Поэт разочарован Кавалером. Он переводит разговор на Италию.
Италия совершенно изменила меня, говорит он. Человек, в прошлом году покинувший Веймар, – совсем не тот, что прибыл в Неаполь и которого вы теперь видите перед собой.
Да, – кивает Кавалер, который интересуется преображением личности (любимая тема поэта) ничуть не более, чем ботаническими или геологическими теориями (при всех своих познаниях в ландшафтной архитектуре и вулканологии). – Да. Полагаю, Италия – самая красивая страна в мире. И, конечно, нет города красивее Неаполя. Доставьте мне удовольствие, позвольте показать, какой восхитительный вид открывается из моей обсерватории.
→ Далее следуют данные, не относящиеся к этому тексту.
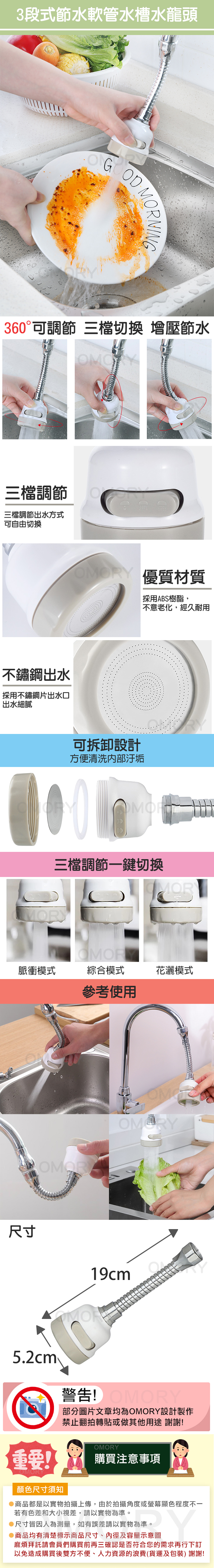 品名:【OMORY】3段式節水軟管水槽水龍頭-白色

Красота, обиженно подумал поэт. До чего примитивно мыслит этот эпикуреец-англичанин. Словно помимо красоты в мире ничего не существует! Вот пример человека, не способного вникнуть в суть интересующего его предмета. Обыкновенный дилетант, назвал бы он его, если бы слово «дилетант» не носило лестного оттенка.
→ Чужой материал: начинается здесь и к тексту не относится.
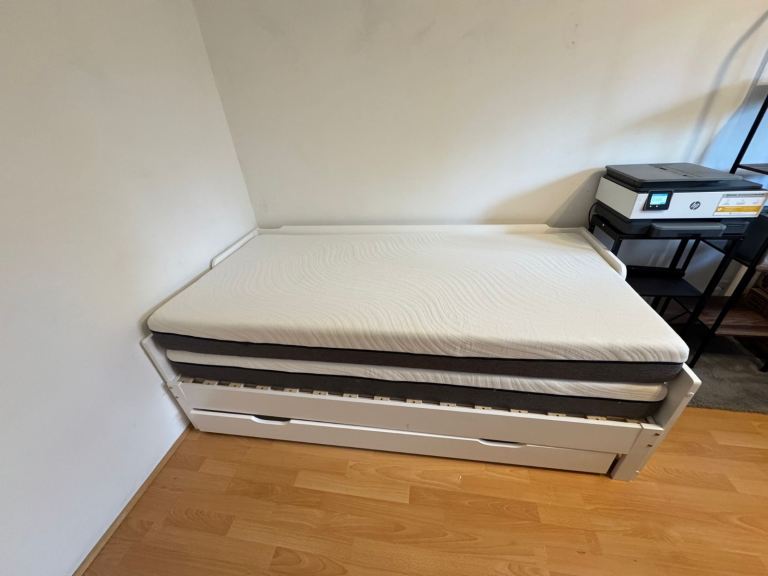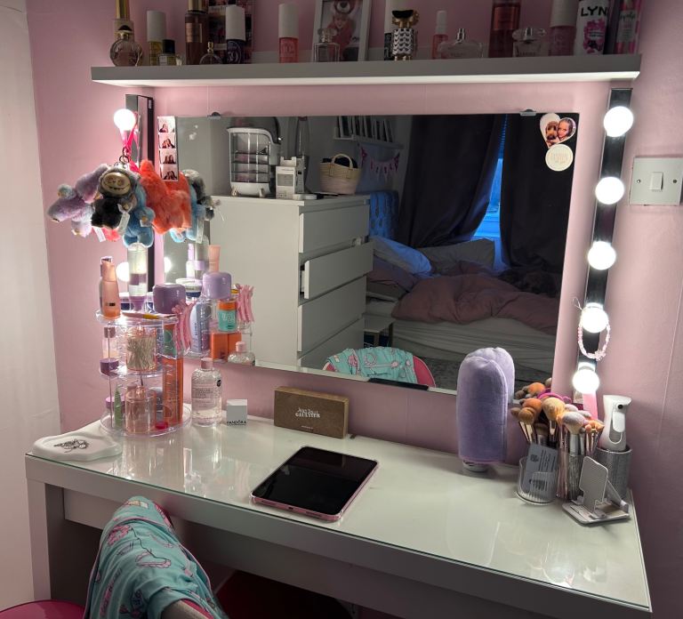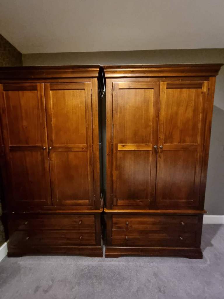 Modern white double wardrobe and matching Dressing table set with stool and vanity mirror

Преображение личности, вздохнул про себя Кавалер. Вот пример человека, не способного отнестись к себе серьезно. Кавалеру подумалось, что путешествие по Италии не может до такой степени влиять на личность, и патологический интерес поэта к изменениям в собственной персоне есть не что иное, как проявление чрезвычайного эгоизма.
Оба были правы. Однако из них двоих мы лучше понимаем поэта – его тщеславие для нас более объяснимо, сознание собственной значимости для нас более… значимо. Гению, как и красоте, все – почти все – прощается.
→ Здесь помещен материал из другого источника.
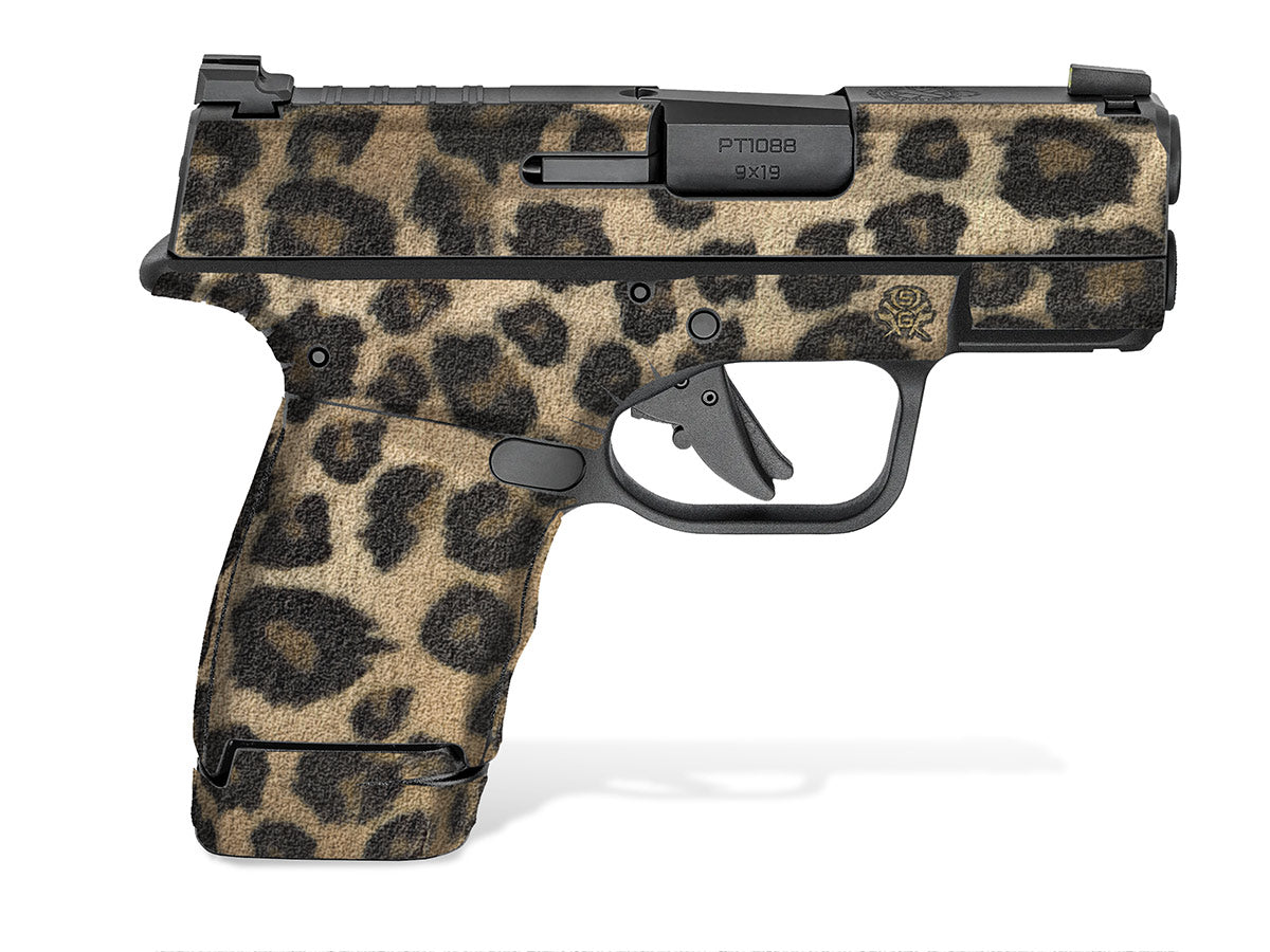 Springfield Hellcat Micro-Compact Decal Grip. Features an amazing rubberized, textured grip surface for a better, and more comfortable hold. Decal grip is precision cut to fit the Hellcat Micro-Compact. Cover just the frame or entire gun. Leopard Print design.

Через тридцать лет, в «Путешествии по Италии», Гёте напишет, что на ассамблее у Кавалера прекрасно провел время. Он слукавит. Он был тогда слишком молод и неутомим, чтобы испытывать недовольство собой. Чтобы досадовать, что ни в одной из бесед он не сумел почерпнуть ничего для себя нового. Но его терзал умственный голод, и он чувствовал, что его недооценивают. Я стремлюсь к самосовершенствованию, писал поэт друзьям. И к удовольствиям – да, и к ним тоже. Удовольствия усиливают мою интуицию. Как сильно он ощущал превосходство над этими людьми! И действительно, как оно было велико.
* * *В большинстве историй про оживающие статуи статуя является женщиной – часто это Венера, спускающаяся с пьедестала, чтобы ответить на чувства страстного мужчины. Или же статуя – мать, но тогда она скорее всего остается в своей нише. Статуи Пресвятой Девы и женщин-святых не склонны к излишним движениям, они ограничиваются сострадательным взглядом, милосердной улыбкой, ласковым жестом – обращаются, протягивают руку к коленопреклоненному просителю, утешают или защищают его. В крайне редких случаях женщины-статуи оживают, чтобы кому-то отомстить. Зато если статуя – мужчина, его целью почти всегда бывает злое дело или месть. Пробудившись, статуя-мужчина – в современном варианте робот в людском обличье, наделенный способностью двигаться, – отправляется убивать. И тот факт, что он вообще-то статуя, в полной мере оправдывает его неумолимую сосредоточенность на одной страшной цели, позволяет быть жестоким, непреклонным, недосягаемым для искушения или сострадания.